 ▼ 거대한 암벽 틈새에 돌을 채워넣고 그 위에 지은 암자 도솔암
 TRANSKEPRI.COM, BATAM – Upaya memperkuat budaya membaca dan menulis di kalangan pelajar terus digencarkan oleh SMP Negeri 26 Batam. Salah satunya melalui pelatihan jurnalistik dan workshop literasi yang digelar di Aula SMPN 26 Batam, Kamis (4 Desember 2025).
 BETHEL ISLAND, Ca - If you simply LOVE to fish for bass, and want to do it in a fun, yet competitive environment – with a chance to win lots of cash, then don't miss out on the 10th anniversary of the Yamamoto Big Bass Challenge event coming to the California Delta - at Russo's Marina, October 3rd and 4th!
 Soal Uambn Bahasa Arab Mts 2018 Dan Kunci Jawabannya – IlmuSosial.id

----

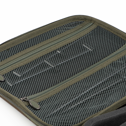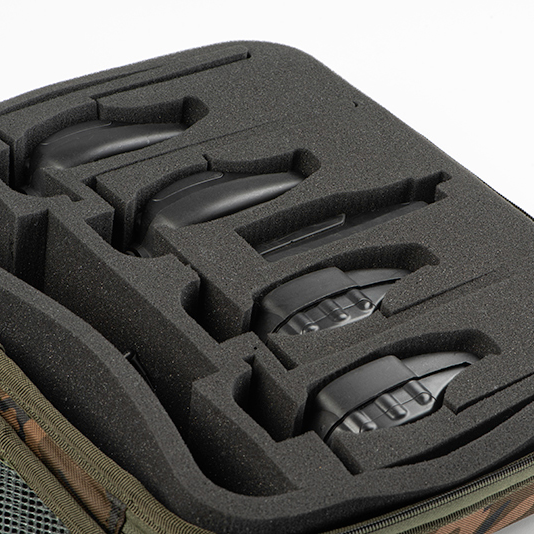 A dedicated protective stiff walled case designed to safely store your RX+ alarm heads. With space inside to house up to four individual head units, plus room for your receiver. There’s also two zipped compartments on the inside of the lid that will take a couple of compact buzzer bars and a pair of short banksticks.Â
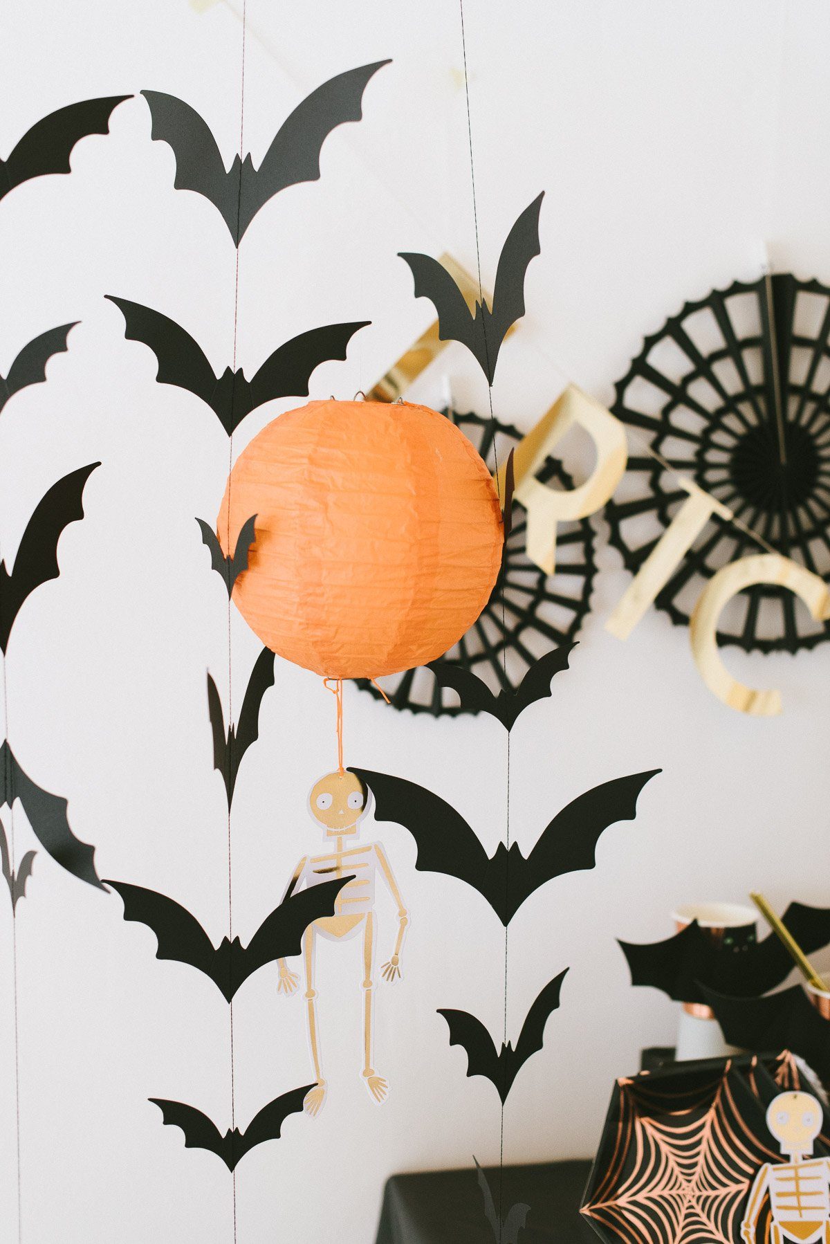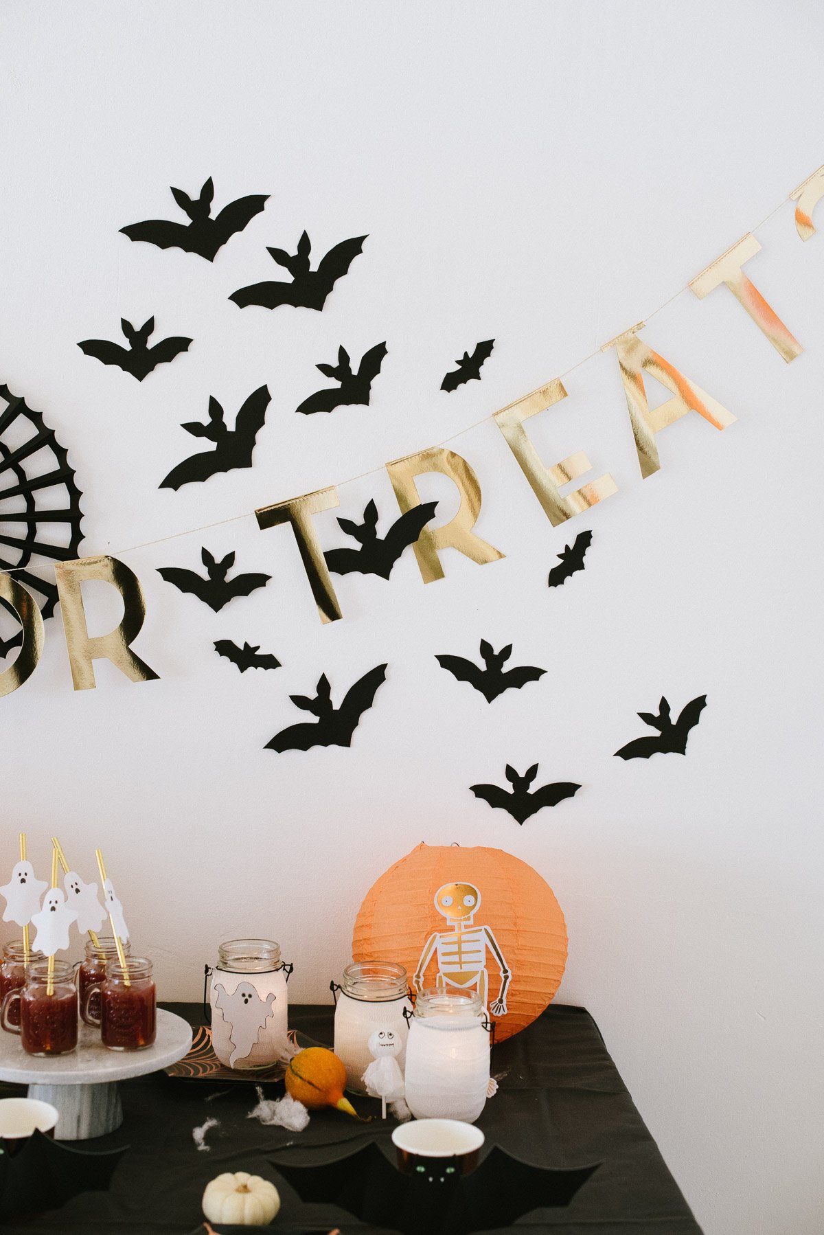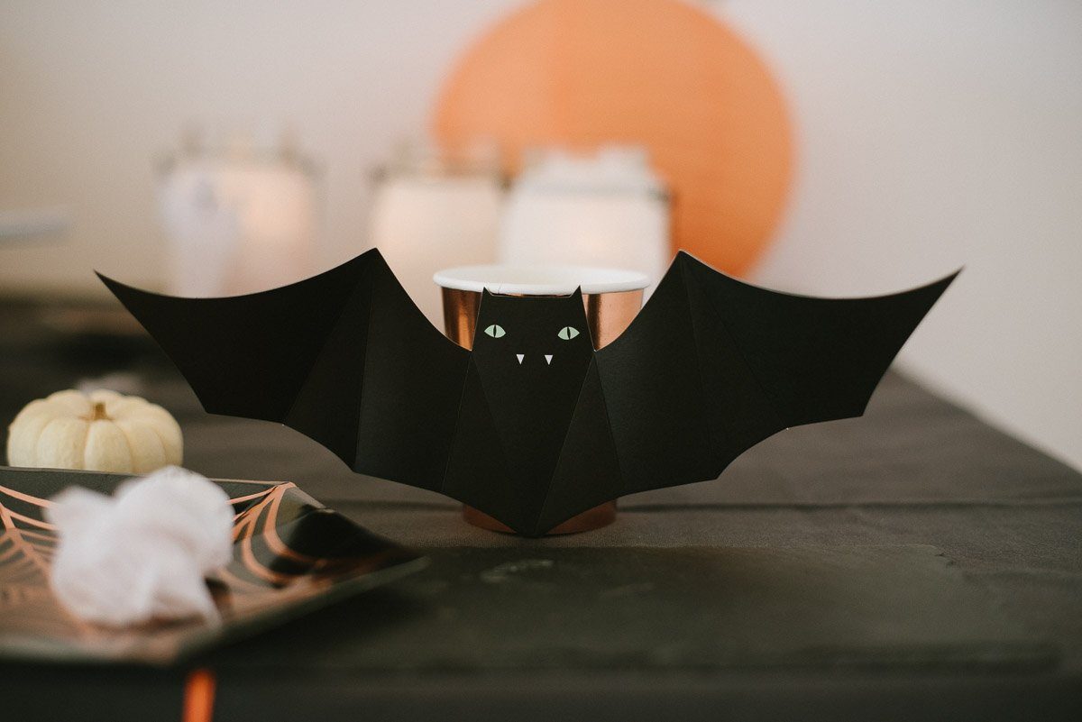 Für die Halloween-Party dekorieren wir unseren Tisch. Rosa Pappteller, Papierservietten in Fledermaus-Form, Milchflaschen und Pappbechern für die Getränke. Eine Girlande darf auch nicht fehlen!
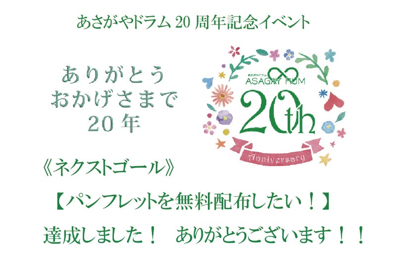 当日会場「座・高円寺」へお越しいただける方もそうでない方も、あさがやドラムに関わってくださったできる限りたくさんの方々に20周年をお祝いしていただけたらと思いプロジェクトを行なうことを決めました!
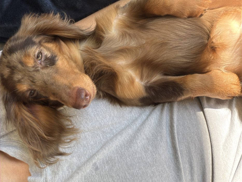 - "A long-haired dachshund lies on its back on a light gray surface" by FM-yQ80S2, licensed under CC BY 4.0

----

» Exercise instructions
Given the listing above, repeat exactly the lines starting at the one with "当日会場「座・高円寺」へお越" and ending at the one with "under CC BY 4.0", inclusive, excluding pictures.

» Finished exercise
 当日会場「座・高円寺」へお越しいただける方もそうでない方も、あさがやドラムに関わってくださったできる限りたくさんの方々に20周年をお祝いしていただけたらと思いプロジェクトを行なうことを決めました!
 - "A long-haired dachshund lies on its back on a light gray surface" by FM-yQ80S2, licensed under CC BY 4.0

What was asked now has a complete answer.